• **Activity**
Return, exactly and in full, the lines of the records below starting at the one with "韓国の大東門の蝶結びbbは真珠のドリルのヘアピンを挟みます。" and ending at the one with "Nivel de vârstă/Grupa: 3-4", and no other lines.

====== Input material

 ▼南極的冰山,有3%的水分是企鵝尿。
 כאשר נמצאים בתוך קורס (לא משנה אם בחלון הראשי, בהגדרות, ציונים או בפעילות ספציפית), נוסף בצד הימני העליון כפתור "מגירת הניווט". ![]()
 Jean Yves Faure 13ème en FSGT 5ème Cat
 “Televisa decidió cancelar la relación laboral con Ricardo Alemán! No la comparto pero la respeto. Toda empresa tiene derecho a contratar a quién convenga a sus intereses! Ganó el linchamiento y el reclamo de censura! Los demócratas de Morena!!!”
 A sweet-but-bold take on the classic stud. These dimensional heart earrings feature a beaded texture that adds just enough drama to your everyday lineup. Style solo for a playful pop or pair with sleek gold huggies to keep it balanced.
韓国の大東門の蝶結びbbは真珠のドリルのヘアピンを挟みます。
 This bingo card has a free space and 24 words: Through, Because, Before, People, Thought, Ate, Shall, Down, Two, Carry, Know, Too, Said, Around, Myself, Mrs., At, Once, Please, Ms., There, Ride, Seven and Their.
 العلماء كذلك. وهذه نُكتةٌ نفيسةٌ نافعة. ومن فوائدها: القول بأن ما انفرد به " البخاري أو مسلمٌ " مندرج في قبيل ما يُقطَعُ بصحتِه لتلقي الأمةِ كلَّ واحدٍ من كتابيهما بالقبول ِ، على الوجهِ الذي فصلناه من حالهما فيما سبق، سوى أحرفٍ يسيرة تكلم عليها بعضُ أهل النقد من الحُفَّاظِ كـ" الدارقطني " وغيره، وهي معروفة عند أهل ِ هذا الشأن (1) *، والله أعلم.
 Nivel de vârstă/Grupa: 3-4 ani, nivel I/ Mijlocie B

============
====== Input material

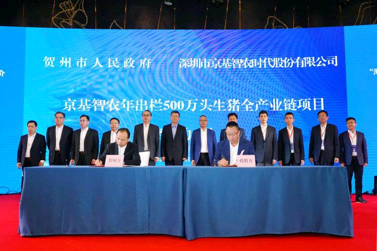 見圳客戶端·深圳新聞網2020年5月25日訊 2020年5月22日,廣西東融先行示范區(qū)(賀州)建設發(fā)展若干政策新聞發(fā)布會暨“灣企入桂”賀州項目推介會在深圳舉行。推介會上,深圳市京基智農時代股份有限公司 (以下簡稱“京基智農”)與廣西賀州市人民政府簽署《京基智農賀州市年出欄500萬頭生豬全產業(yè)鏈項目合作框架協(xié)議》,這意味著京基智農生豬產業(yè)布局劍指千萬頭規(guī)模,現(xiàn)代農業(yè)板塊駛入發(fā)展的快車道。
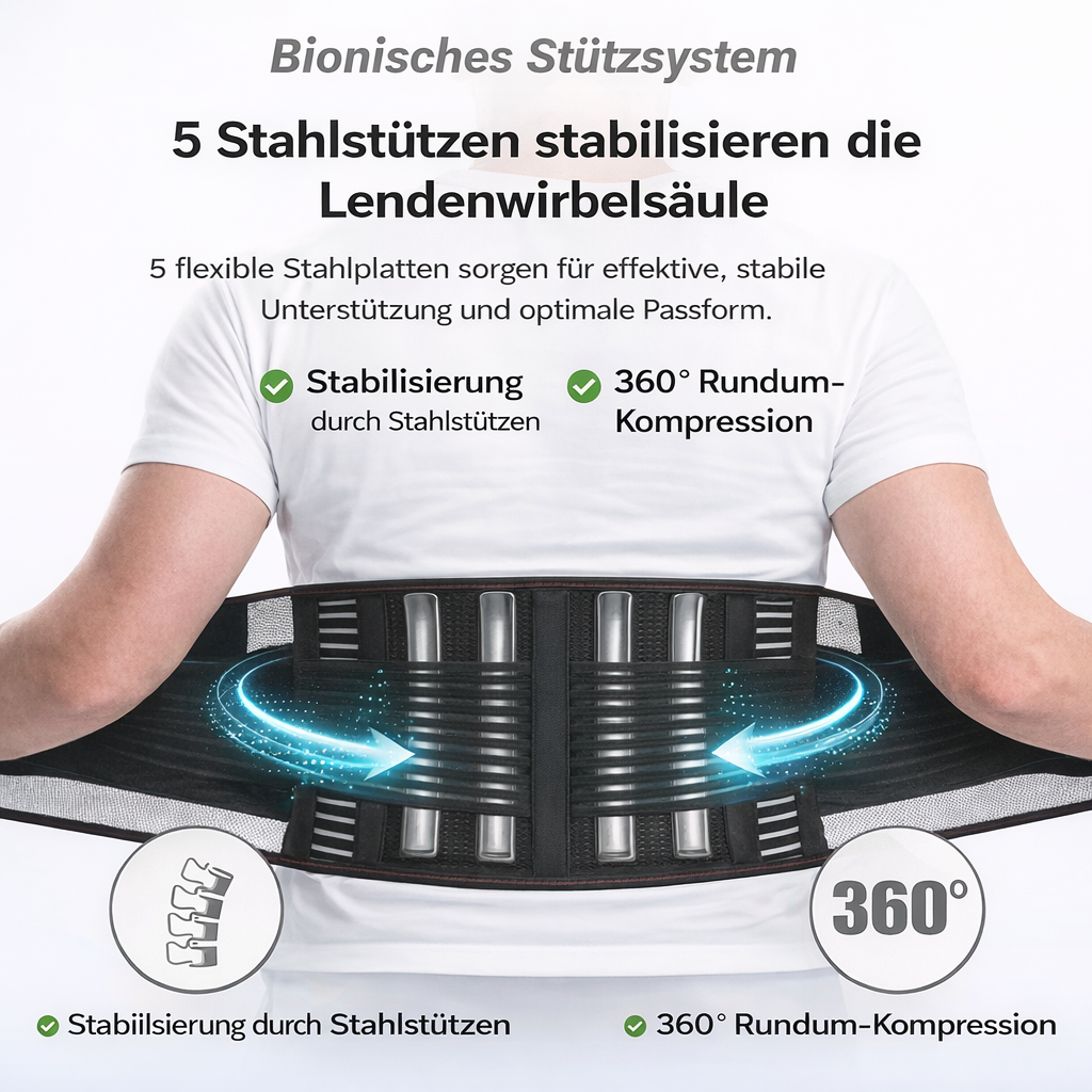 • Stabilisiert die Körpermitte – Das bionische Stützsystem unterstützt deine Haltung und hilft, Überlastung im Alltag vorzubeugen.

============
====== Input material

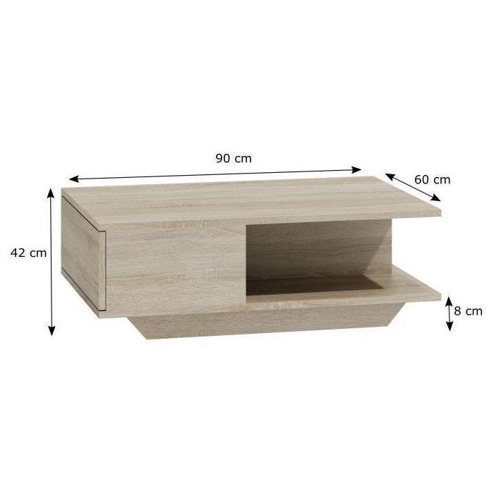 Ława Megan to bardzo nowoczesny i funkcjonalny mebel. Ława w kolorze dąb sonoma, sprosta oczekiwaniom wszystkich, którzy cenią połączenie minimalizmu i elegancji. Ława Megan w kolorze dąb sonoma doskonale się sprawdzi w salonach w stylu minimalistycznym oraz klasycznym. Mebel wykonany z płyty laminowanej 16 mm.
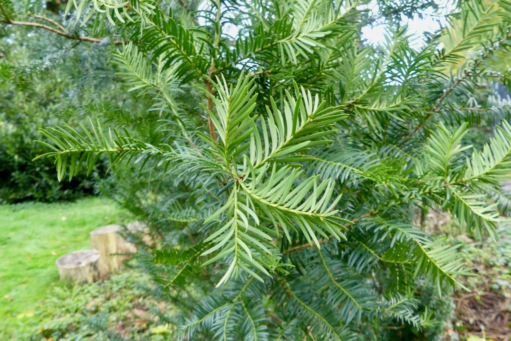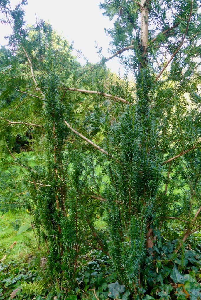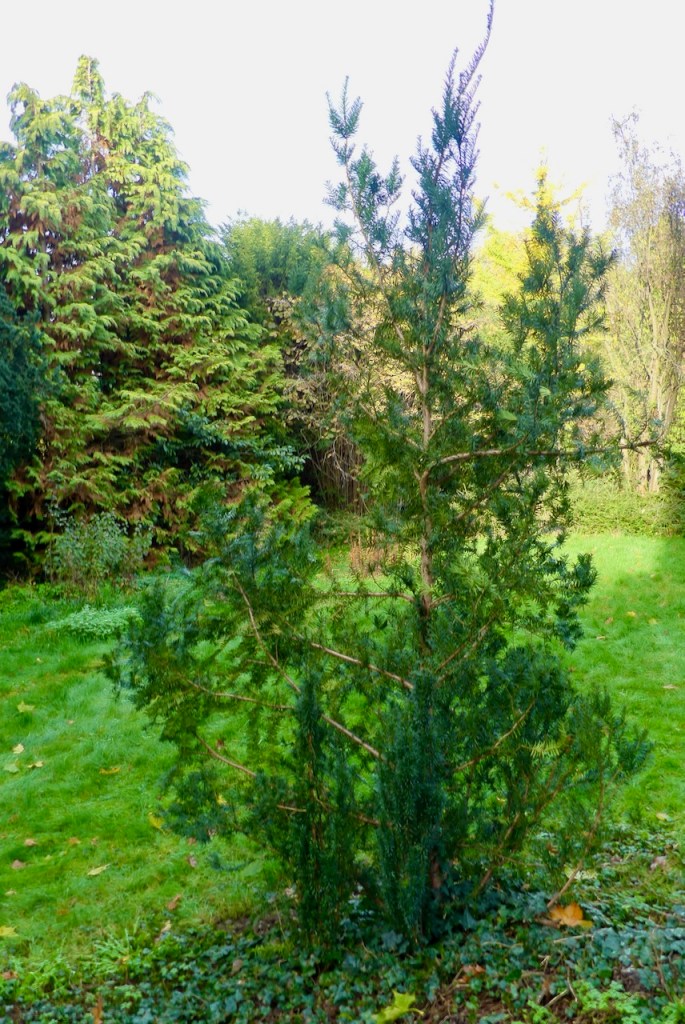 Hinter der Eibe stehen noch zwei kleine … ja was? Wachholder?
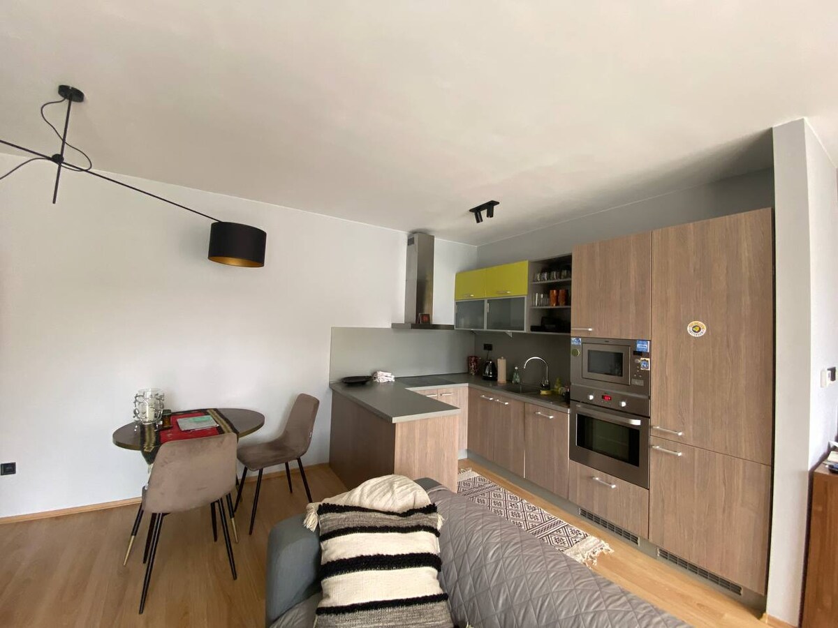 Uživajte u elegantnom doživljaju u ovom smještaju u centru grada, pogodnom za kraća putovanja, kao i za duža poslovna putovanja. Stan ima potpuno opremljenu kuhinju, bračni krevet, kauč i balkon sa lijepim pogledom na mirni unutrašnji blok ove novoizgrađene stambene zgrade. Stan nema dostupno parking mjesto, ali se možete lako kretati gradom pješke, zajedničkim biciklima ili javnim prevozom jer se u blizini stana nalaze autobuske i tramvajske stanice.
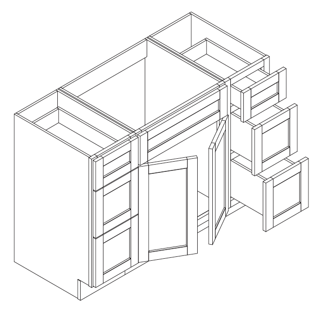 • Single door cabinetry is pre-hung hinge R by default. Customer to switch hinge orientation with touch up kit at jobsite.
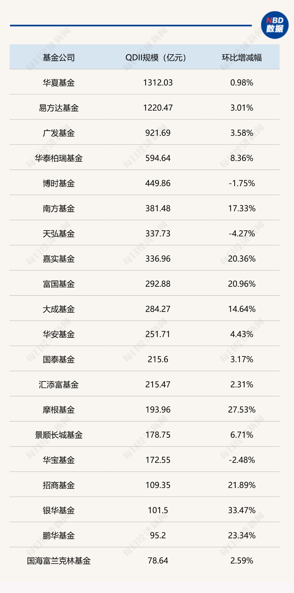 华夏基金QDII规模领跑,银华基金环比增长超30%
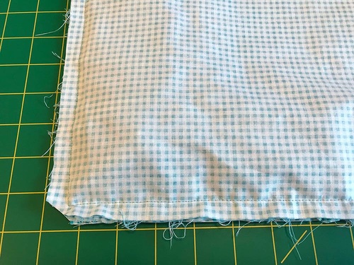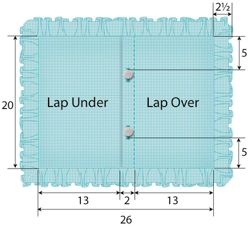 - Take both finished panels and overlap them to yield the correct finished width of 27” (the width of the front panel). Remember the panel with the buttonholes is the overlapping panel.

============

• **Answer below**
韓国の大東門の蝶結びbbは真珠のドリルのヘアピンを挟みます。
 This bingo card has a free space and 24 words: Through, Because, Before, People, Thought, Ate, Shall, Down, Two, Carry, Know, Too, Said, Around, Myself, Mrs., At, Once, Please, Ms., There, Ride, Seven and Their.
 العلماء كذلك. وهذه نُكتةٌ نفيسةٌ نافعة. ومن فوائدها: القول بأن ما انفرد به " البخاري أو مسلمٌ " مندرج في قبيل ما يُقطَعُ بصحتِه لتلقي الأمةِ كلَّ واحدٍ من كتابيهما بالقبول ِ، على الوجهِ الذي فصلناه من حالهما فيما سبق، سوى أحرفٍ يسيرة تكلم عليها بعضُ أهل النقد من الحُفَّاظِ كـ" الدارقطني " وغيره، وهي معروفة عند أهل ِ هذا الشأن (1) *، والله أعلم.
 Nivel de vârstă/Grupa: 3-4 ani, nivel I/ Mijlocie B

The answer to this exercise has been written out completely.